The related works are discussed in section “Related works.” Then, the problem definition and system model are introduced in section “Baseline models and their limitations.” In section “Hybrid prediction scheme,” we analyze limitations of different baseline prediction models. In section “Prediction with emergency strategy,” we give a detailed view of the hybrid prediction model and emergency strategy. The simulation parameters and results compared to the proposed scheme are showed in section “Simulation and results.” Finally, section “Conclusion” concludes this article and points the future work direction.
Related works
Past decades, machine learning, statistics, and deep learning methods have been demonstrated in traffic prediction simulations. Important ideas are auto-regression, 6 neural networks, 7 BN, 8 and some pre-processing techniques like smoothing.9,10 Works in Liu et al. 11 and Miller and Gupta 12 show the approaches for using traffic datasets to predict traffic congestion, which provides information for drivers to avoid areas with heavy traffic. These prediction results can be benefit to many parts of the civil life, and even to government on traffic policies managing. Other applications about traffic such as traffic light control algorithms 13 and online traffic prediction 14 are also serving for this reason.
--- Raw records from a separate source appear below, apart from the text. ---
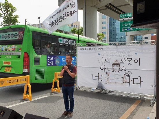 “자식들한테 어른 말 잘 들어라, 선생님 말 잘 들어라 절대 그런 말하지 마십시오. 그러다가 물에 빠져 죽든가 기계에 깔려 죽습니다. 대한민국 현실이 그렇습니다. 자식들한테 애 낳으라고 말하지 마십시오. 그럴 권리 없습니다.”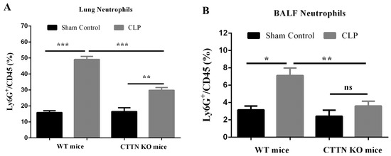 Septic lung failure is preceded by ALI [25,26], which in turn is characterised by excessive inflammation and neutrophil infiltration [26,27,28]. Given the observed reduced leukocyte presence in the lungs of septic CTTN KO mice, neutrophil numbers in lung tissues were analysed by flow cytometry. CLP sepsis caused massive neutrophil recruitment to the lungs in WT mice (49.1 ± 1.9%), which was significantly reduced in the lungs of septic CTTN KO mice (29.9 ± 1.7%) (Figure 4A). Many infiltrated neutrophils further transmigrate into the bronchoalveolar lumen, where they continue to release proteolytic enzymes and ROS and promote tissue damage [29]. Indeed, a higher frequency of neutrophils in the bronchoalveolar lavage fluid (BALF) of septic WT mice (7.1 ± 0.9%) was found that was significantly lower in the BALF of septic CTTN KO mice (3.6 ± 0.6%) (Figure 4B). These findings show that improved histology and lung injury in septic cortactin-KO mice is likely caused by reduced neutrophil infiltration.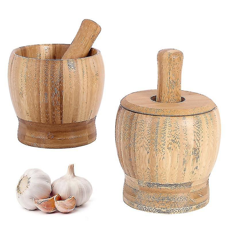 Auspicious-mortar And Pestle Set Premium Bamboo Bowl Garlic Press Crusher (1 Piece)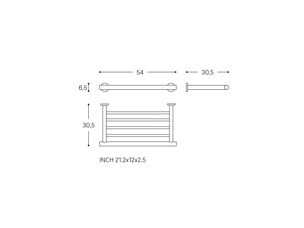 The straight towel rail from the Architect collection offers functionality without compromising on style, with a focus on quality that lasts over time. Simplicity and elegance that adapt to any space. Made of high-quality metal, it guarantees durability and resistance, making it ideal for everyday use. Measurements: 54 cm x 30.5 cm x 6.5 cm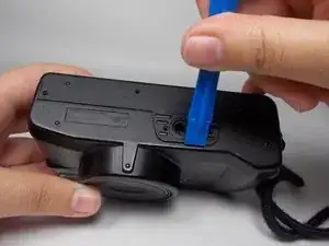 Используя инструмент для открытия, начните с поднятия задней части корпуса в том месте, где расположен разъем для штатива. Поднимайте, пока задняя часть не освободится и не может быть легко снята.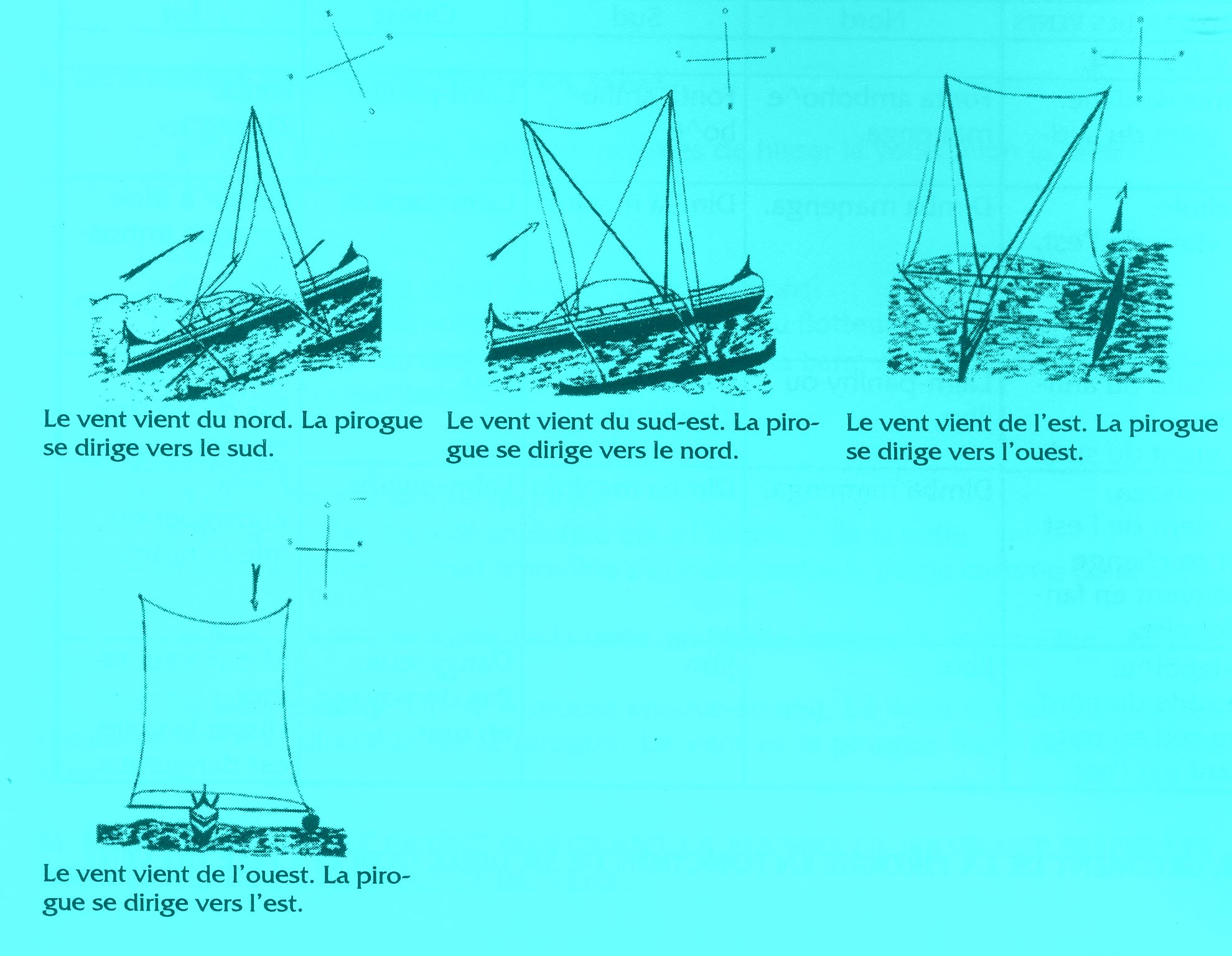 M. TABLEAU A DOUBLE ENTREE MONTRANT LA MANIERE DE NAVIGUER SELON LES DIRECTIONS DE LA PIROGUE ET DU VENT.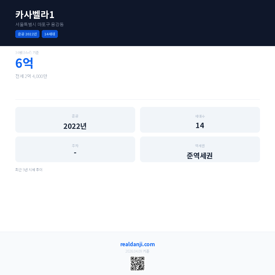 카사벨라1 최근 거래가는 6억입니다. (2025-12)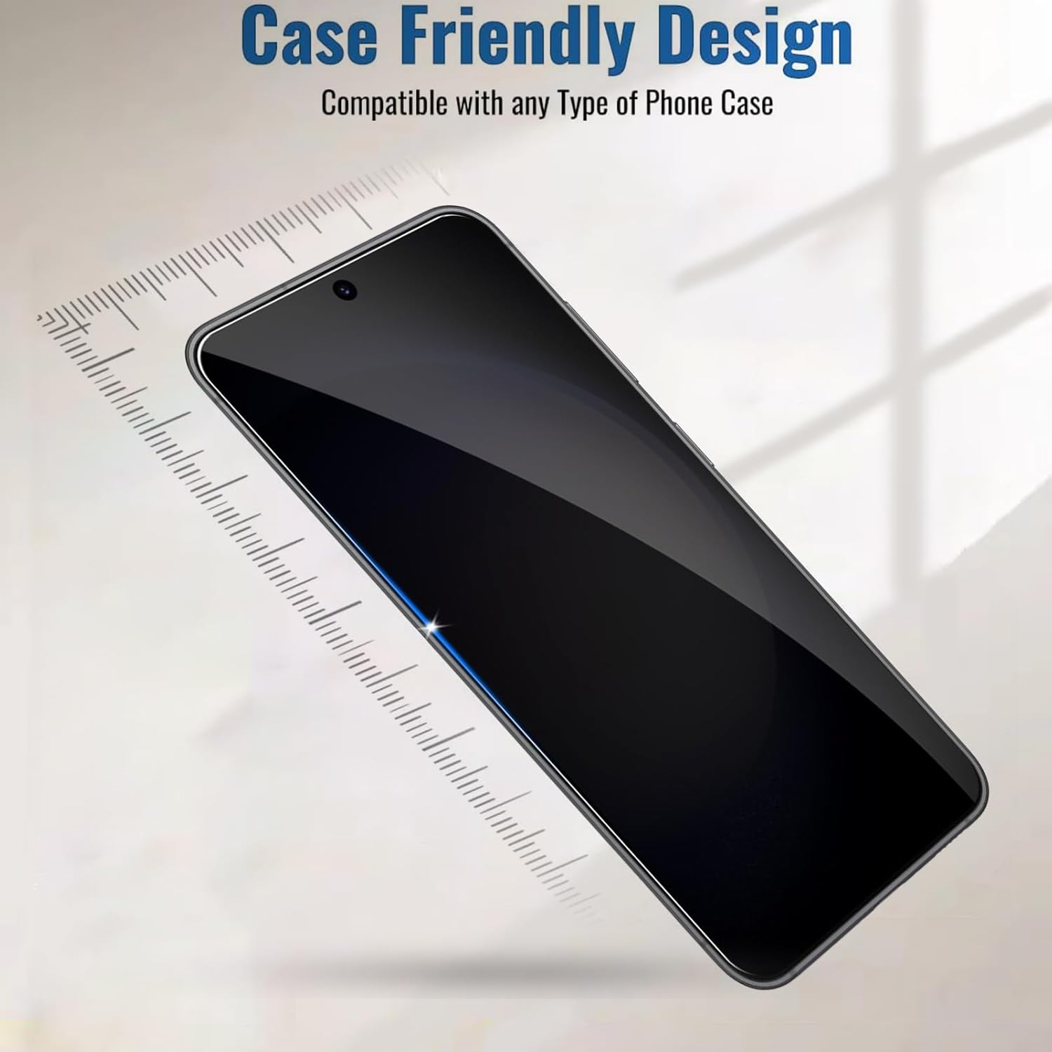 Con tecnologia antistatica avanzat Forte adesione, Si attacca facilmente, Senza bolle. Tagliato con precisione per Samsung S23, questo vetro privacy non interferisce con la funzione Face ID

Spatiotemporal prediction takes both time and space into consideration when doing prediction, forecasting the traffic as a whole network. A stacked auto-encoders (SAE) 15 model is a way to apply deep learning on traffic prediction. Pre-processing technology, such as singular spectrum analysis (SSA), 16 is also important part in traffic prediction which can help have a deeper understanding on this field.
One typical usage of auto-regression idea is ARIMA, 17 which is widely applied in researches to predict the short-term traffic conditions. The model integrates the moving average parts with auto-regressive computation steps. Box–Jenkins methodology offers main steps for applying ARIMA models in forecasting.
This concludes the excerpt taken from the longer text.